= Thomas Francis Wigley =

Thomas Francis Wigley (c. 1854 – 14 January 1933) was a lawyer and horse racing official in South Australia.

==History==
Wigley was the third son of influential businessman J. F. Wigley and educated at St Peter's College under Archdeacon Farr, and on leaving school was articled to his uncle William Wigley of Glenelg and called to the Bar in 1879. He had a practice in Port Augusta before moving to Adelaide.

He invested in BHP shares, which made him quite wealthy, and was able to take an extensive tour of Europe with his wife where they purchased, among other works, the painting A Sea-Spell by Dante Gabriel Rossetti. The painting hung in the Art Gallery of South Australia in April and May 1899, along with 14 others of his recent purchases: a flower study by Henri Fantin-Latour and three landscapes by Frank Walton, then was in Mrs Wigley's South Yarra residence for some years before being exhibited in the McArthur Gallery of the State Library of Victoria.

==Horse racing==
On his return he became interested in racing, and purchased two bay colts, Cheddar, who won for him the 1890 South Australian Derby, and Norwood, who won the 1891 St. Leger, but later had to be killed on account of lameness.
He took the 1893 Morphettville Plate with La Cheville, which he had leased from William Blackler and paid handsomely.
He took the Adelaide Hunt Club Cup with Zulu, and other good races with St George and other horses.

In his obituaries Wigley is credited with doing the bankrupt South Australian Jockey Club a valuable service when the Morphettville Racecourse was put up at auction by order of the mortgagee. According to this account Wigley and Sylvester John Browne purchased the property and later handed it over at the purchase price to the revived S.A.J.C., formed by Sir Richard Baker and Mr. A. O. Whitington.

The facts are a little more involved: the club and the Racecourse failed in 1883 shortly after the Totalizator (whose profits the Club had come to rely on) was outlawed by Parliament. The Queensland Mortgage Company, who had lent the Club £6000 for improvements, then exerted their rights and resumed the property, which as an unimproved site had been made over to the Club by Thomas Elder on very generous terms.
In 1888 Parliament reversed its ban on the Totalizator, and it was only then that Wigley, Browne and (briefly) R. B. Pell stumped up with the £8,000 purchase price. Subsequently Browne purchased Pell's interest.
Wigley then approached Arthur Whitington with a view to reviving the S.A.J.C. and a well-attended meeting was held on 19 September 1888, presided by Sir Richard Baker, and a committee elected to re-form the Club.
The committee agreed to lease the Morphettville course from Browne and Wigley for £900 per annum with a right to purchase for £12,000 after four years. The first race meeting at the revived Morphettville was held on 1 January 1889, despite a downpour of 3 in.
In July 1889 Wigley and Browne placed the racecourse on the market in order to close the partnership; it was purchased by Browne for £9,400.
The lease period was extended by five years in 1893 but by March 1895, thanks to the totalizator, the Club was able to own the racecourse in fee simple.
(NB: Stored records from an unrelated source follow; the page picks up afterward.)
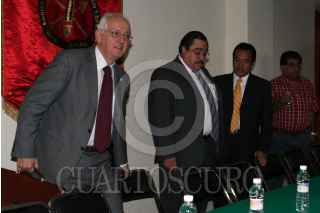 MÈXICO, D.F. 21FEBRERO2007.- Se llevò a cabo una conferencia de prensa en el sindicato de mineros en la que sindicatos mineros de distintos paises afirmaron el apoyo a Napoleòn Gòmez Urrutia, lider del SNTMMSRM. En la imagen el secretario general de la FITIM Marcello Malentacci, procedente de Suiza. FOTO: PAOLA HIDALGO/CUARTOSCURO.COM
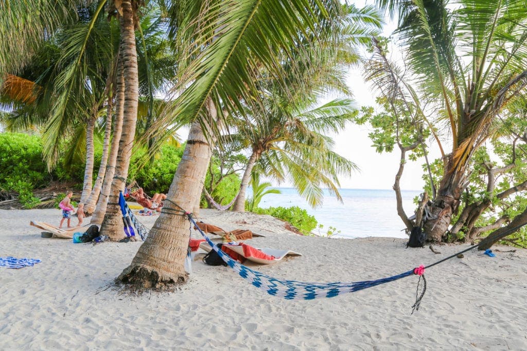 Hammocks came in the plenty, suspended by the many palm trees dotted around. There were sun loungers, washing lines to dry your towels, even a toilet so you could spend the whole day there and it was all shaded by the palm trees.
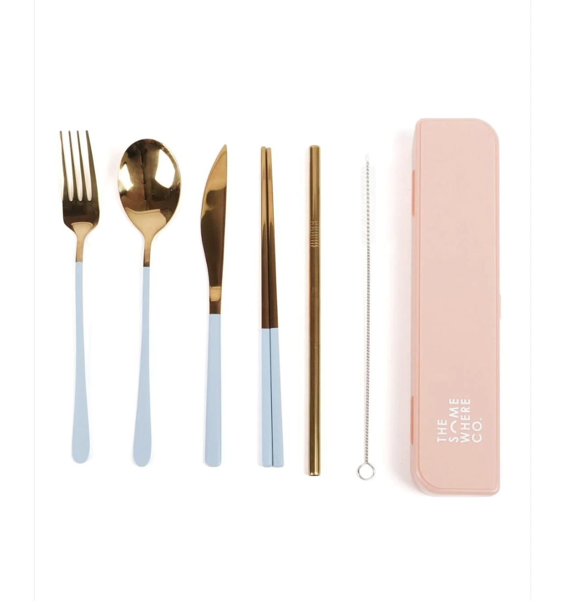 - 7 piece kit - Gold stainless steel (with powder blue handles) knife, fork, spoon, chopsticks, medium straw, straw cleaner, recycled pink plastic container

Wigley served as starter for the S.A.J.C. many times, though distrusted by some for his dual role as starter and owner. From 1914 to 1925 he served as stipendiary steward.

He died at his home at Partridge Street, Glenelg, after a long illness. His remains were interred at the North Road Cemetery.

==Other interests==
In 1898 he was appointed to the board of management of the Adelaide Hospital.

==Family==
For a more extensive overview of the family see William Wigley#Family
- James Francis Wigley (died 1884), prominent businessman, was married to Robina Wigley (died 1909).
- William Henry Wigley (? – 13 October 1924), married to Nellie Wigley, lived on Military Road, Largs, was publican and councillor for Largs ward (1890–1891, 1893–1895) in the Semaphore Council.
- eldest daughter Laura Robina Wigley ( – 26 June 1932) married Ben Henry Beaven ( – 31 July 1923) on 6 June 1883.
- Thomas Francis Wigley (c. 1854 – 14 January 1933) married Lilian Sturt Richardson (1867– ) on 9 October 1890. Lilian's mother was a daughter of Hon. John Crozier.
Lilian had a home of her own in South Yarra, Melbourne where she lived with their son "Mac" while he was studying medicine at the University of Melbourne. In 1915 he received a commission with the Royal Army in France, and they both left for London.
- Dr John Edwin Mackonochie "Mac" Wigley (1 January 1892 – ), born in Abinger, Surrey, grew up in Adelaide, with his mother left Melbourne where he had graduated in medicine, to take up a commission with the Royal Army, eventually becoming an eminent Harley Street dermatologist. He married Eve Barnard in London in June 1935.
- Robert S. Wigley (1864 – 20 April 1926) of Wirra Wirra winery, McLaren Vale.